- _EXERCISE_
Copy exactly the lines of the data below, beginning with the line with "une 2CV dans" and ending with the line with "CENTURY WIRE &". Pictures are to be omitted.
DATASET RECORDS section start
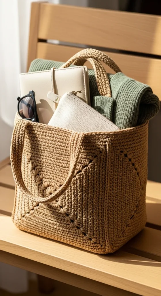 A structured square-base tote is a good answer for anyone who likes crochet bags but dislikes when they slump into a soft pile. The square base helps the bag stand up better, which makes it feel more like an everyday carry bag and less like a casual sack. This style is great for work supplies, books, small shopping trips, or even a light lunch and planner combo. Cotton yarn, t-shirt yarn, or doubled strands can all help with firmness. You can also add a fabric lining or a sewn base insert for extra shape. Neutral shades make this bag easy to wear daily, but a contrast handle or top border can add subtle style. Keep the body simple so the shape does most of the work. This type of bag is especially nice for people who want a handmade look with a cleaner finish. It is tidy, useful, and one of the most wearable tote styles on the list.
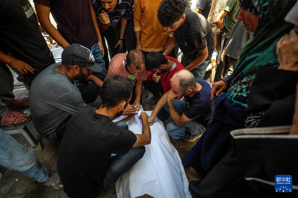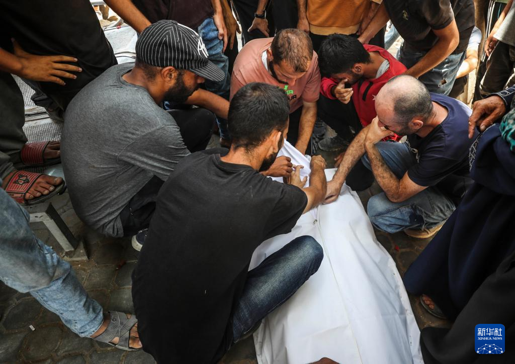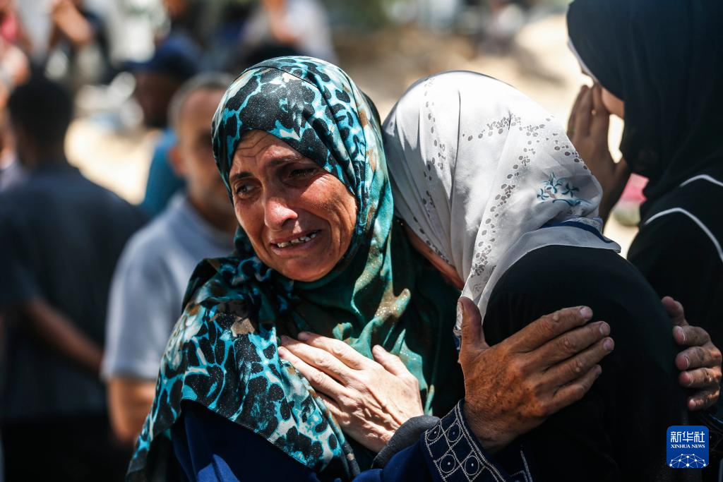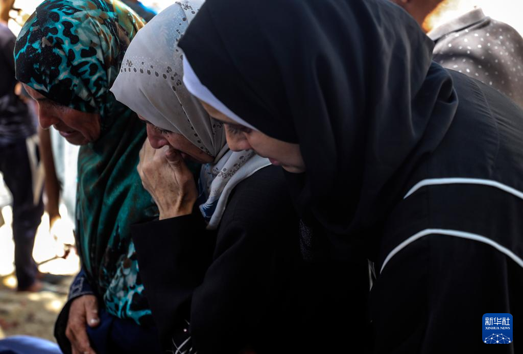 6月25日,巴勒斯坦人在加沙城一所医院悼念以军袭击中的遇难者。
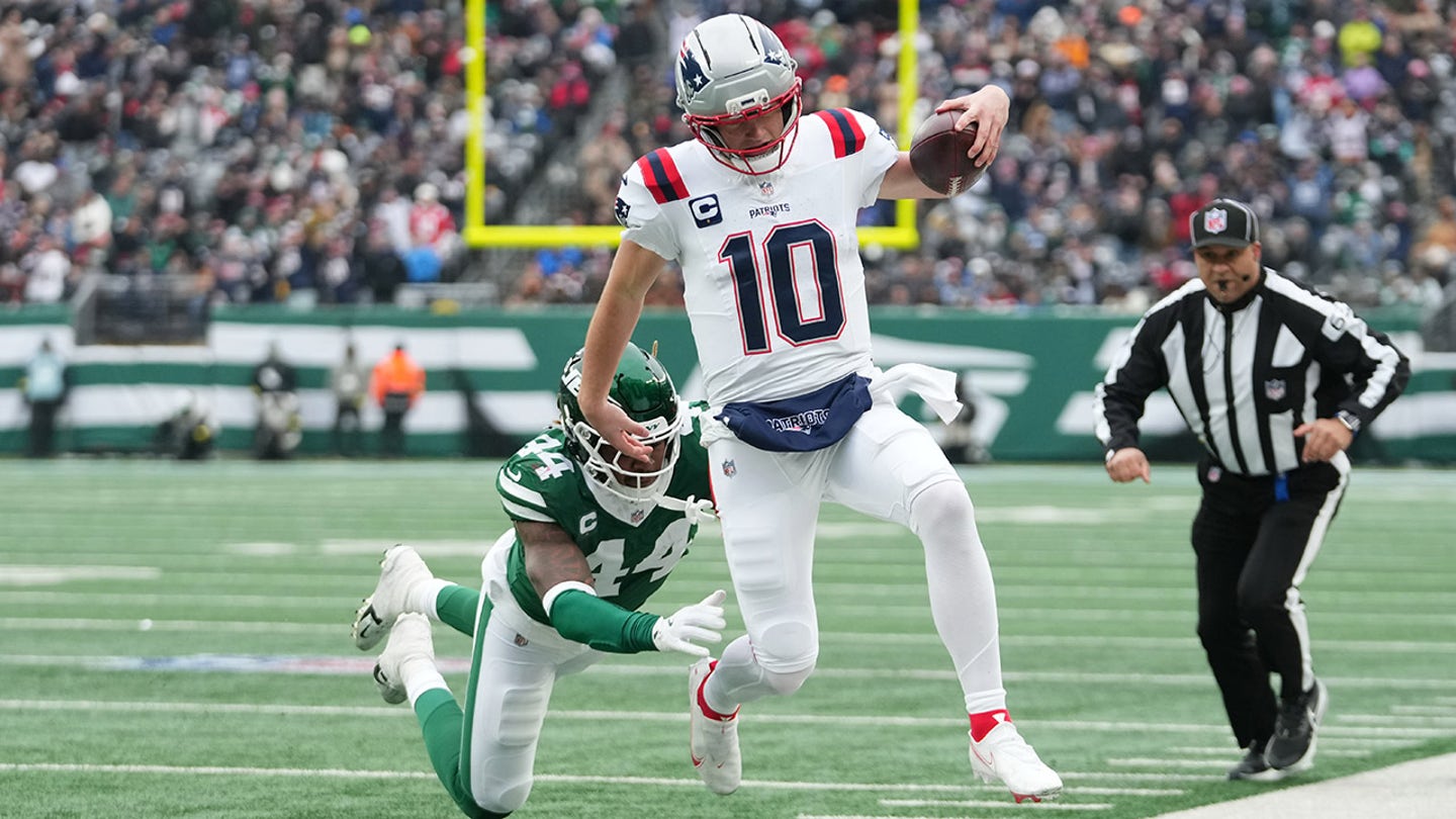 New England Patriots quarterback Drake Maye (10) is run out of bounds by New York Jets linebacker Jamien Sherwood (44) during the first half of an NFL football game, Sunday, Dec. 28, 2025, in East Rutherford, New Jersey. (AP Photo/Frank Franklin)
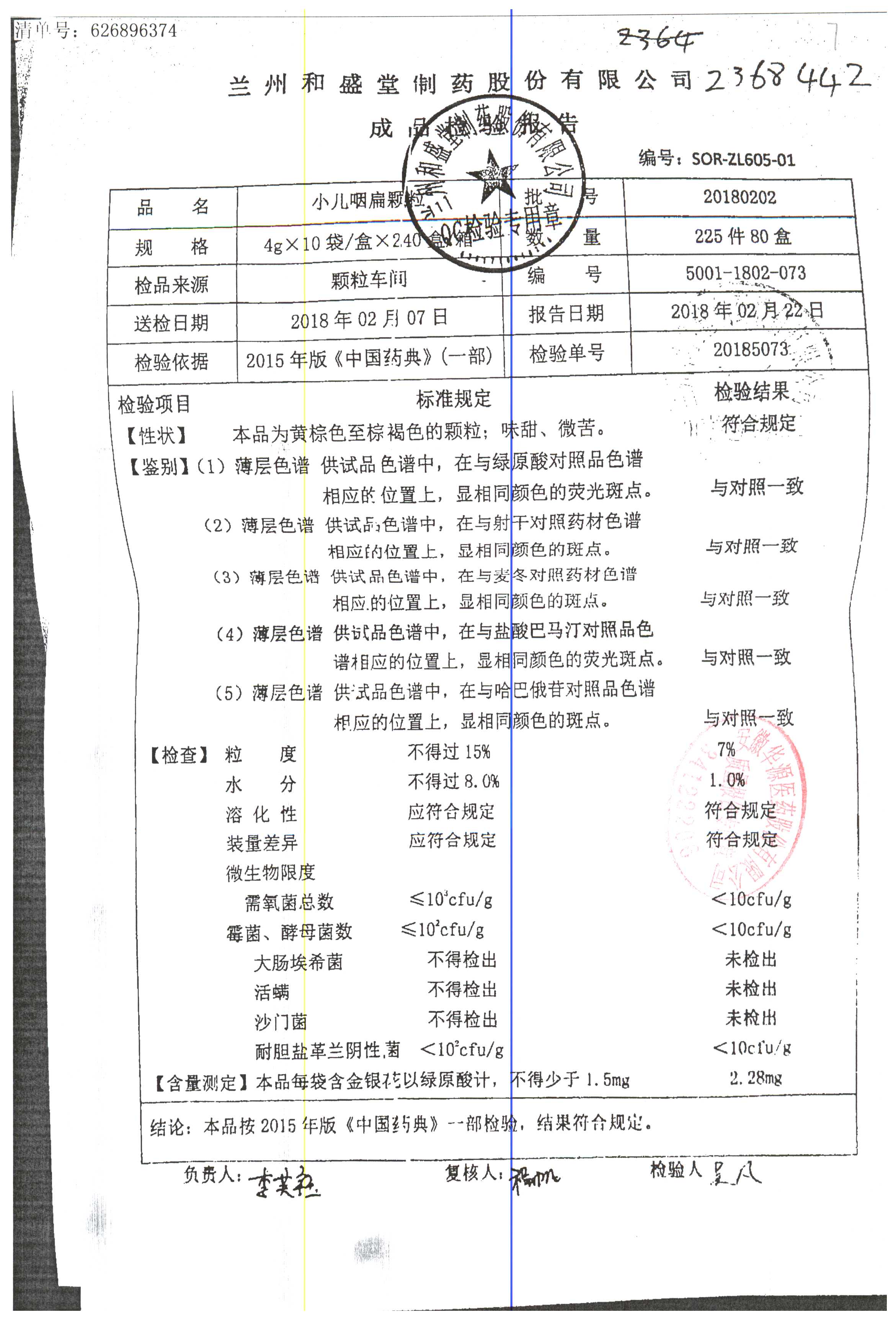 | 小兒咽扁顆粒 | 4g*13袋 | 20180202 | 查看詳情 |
DATASET RECORDS section end
DATASET RECORDS section start
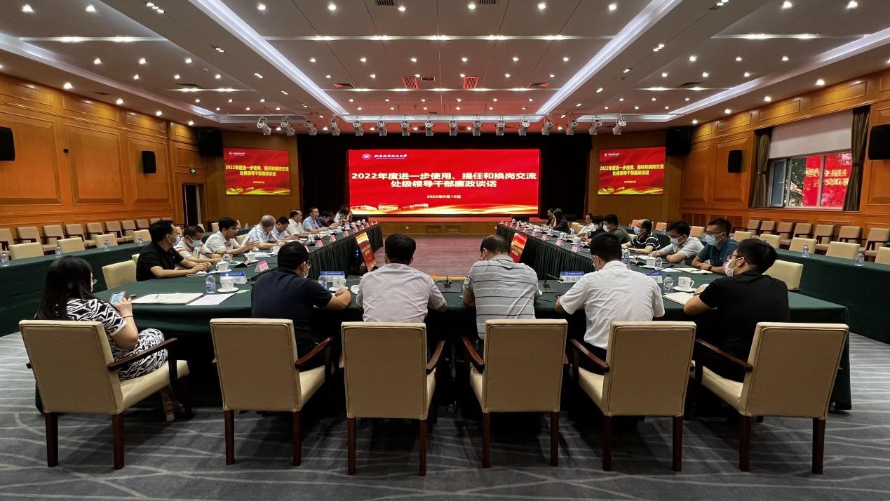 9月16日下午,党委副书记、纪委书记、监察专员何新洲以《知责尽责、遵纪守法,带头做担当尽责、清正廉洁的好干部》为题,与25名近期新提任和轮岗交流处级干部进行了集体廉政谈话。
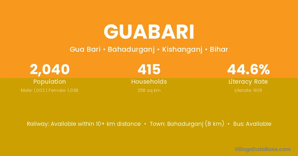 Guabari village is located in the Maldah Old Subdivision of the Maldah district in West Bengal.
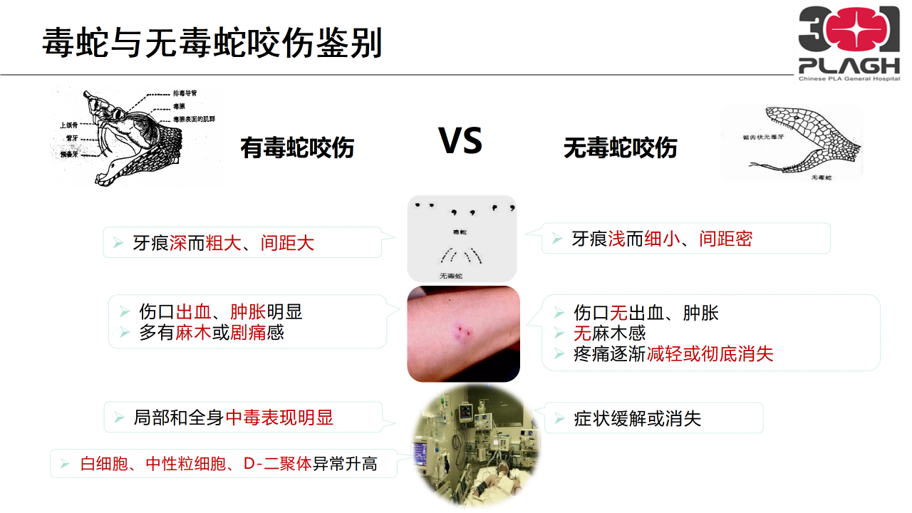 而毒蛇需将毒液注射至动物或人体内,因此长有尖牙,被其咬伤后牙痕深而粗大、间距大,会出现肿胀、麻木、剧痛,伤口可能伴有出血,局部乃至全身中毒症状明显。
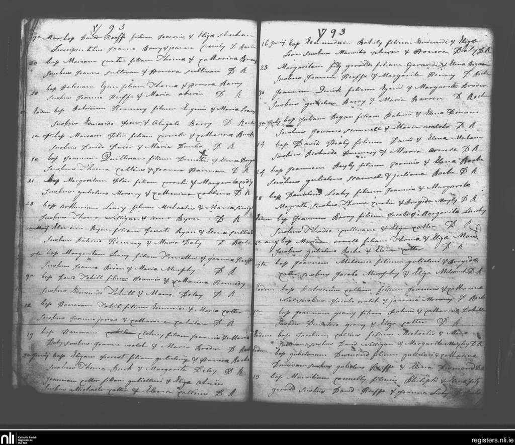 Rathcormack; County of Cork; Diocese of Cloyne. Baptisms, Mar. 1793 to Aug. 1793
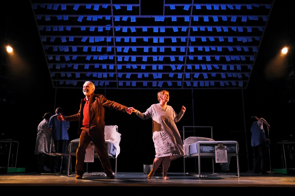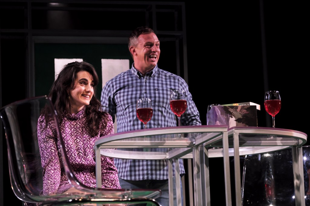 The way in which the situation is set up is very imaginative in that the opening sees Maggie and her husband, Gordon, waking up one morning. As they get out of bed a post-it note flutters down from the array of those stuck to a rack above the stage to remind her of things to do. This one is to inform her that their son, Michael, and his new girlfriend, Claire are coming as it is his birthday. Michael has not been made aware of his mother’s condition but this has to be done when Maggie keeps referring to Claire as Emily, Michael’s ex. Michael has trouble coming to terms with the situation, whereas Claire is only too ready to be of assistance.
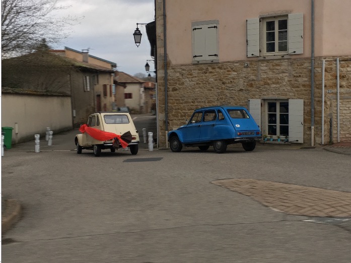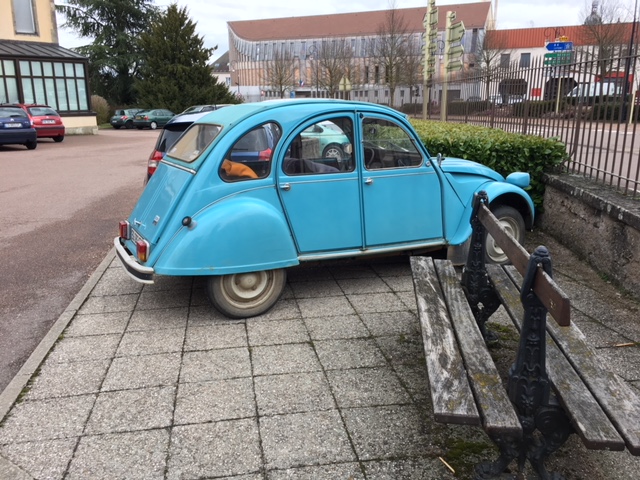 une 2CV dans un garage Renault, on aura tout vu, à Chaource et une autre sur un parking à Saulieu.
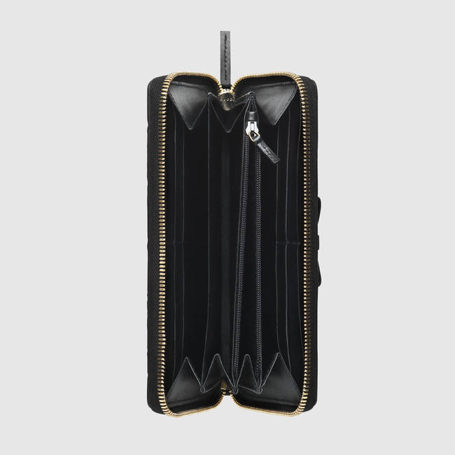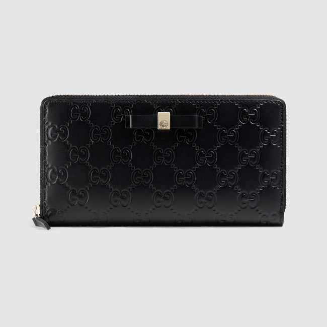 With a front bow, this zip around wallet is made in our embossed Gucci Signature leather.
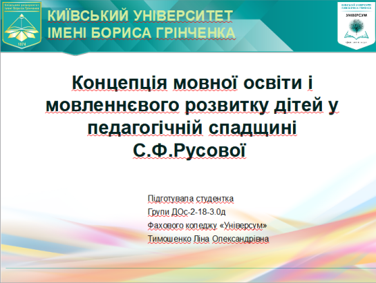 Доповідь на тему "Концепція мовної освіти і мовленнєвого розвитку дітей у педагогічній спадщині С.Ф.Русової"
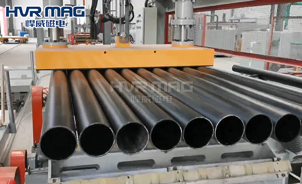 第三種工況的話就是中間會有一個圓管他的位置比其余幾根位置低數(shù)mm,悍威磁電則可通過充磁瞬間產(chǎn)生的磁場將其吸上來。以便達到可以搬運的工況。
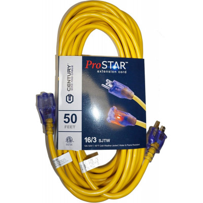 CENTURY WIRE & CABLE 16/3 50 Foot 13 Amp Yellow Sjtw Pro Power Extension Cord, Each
DATASET RECORDS section end
DATASET RECORDS section start
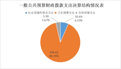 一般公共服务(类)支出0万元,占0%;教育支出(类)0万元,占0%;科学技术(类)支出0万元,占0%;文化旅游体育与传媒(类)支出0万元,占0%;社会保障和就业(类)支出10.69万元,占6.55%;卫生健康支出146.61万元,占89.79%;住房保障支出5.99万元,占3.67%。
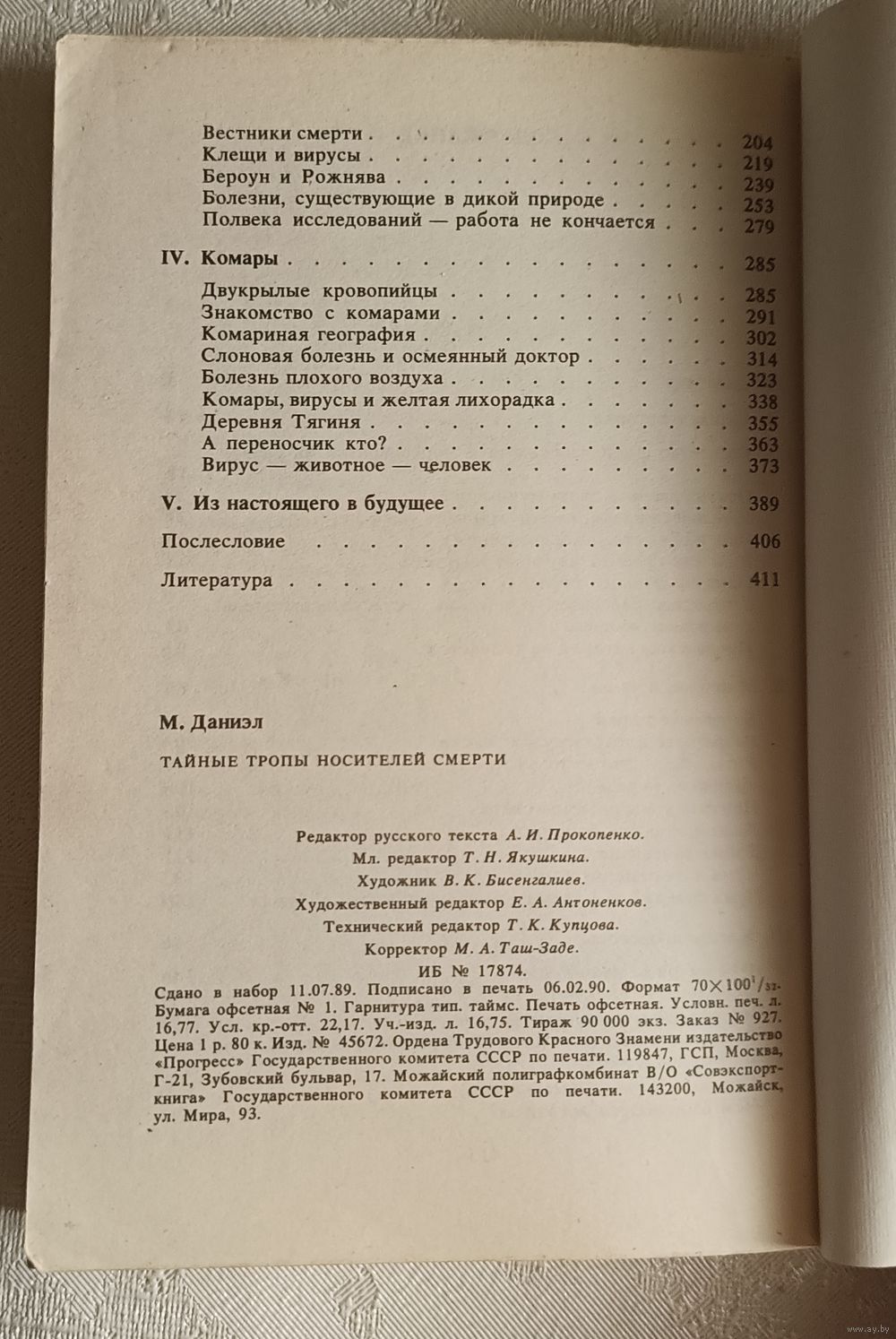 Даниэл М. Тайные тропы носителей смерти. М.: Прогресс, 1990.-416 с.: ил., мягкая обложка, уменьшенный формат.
DATASET RECORDS section end
- _THE COMPLETED TASK_
 une 2CV dans un garage Renault, on aura tout vu, à Chaource et une autre sur un parking à Saulieu.
 With a front bow, this zip around wallet is made in our embossed Gucci Signature leather.
 Доповідь на тему "Концепція мовної освіти і мовленнєвого розвитку дітей у педагогічній спадщині С.Ф.Русової"
 第三種工況的話就是中間會有一個圓管他的位置比其余幾根位置低數(shù)mm,悍威磁電則可通過充磁瞬間產(chǎn)生的磁場將其吸上來。以便達到可以搬運的工況。
 CENTURY WIRE & CABLE 16/3 50 Foot 13 Amp Yellow Sjtw Pro Power Extension Cord, Each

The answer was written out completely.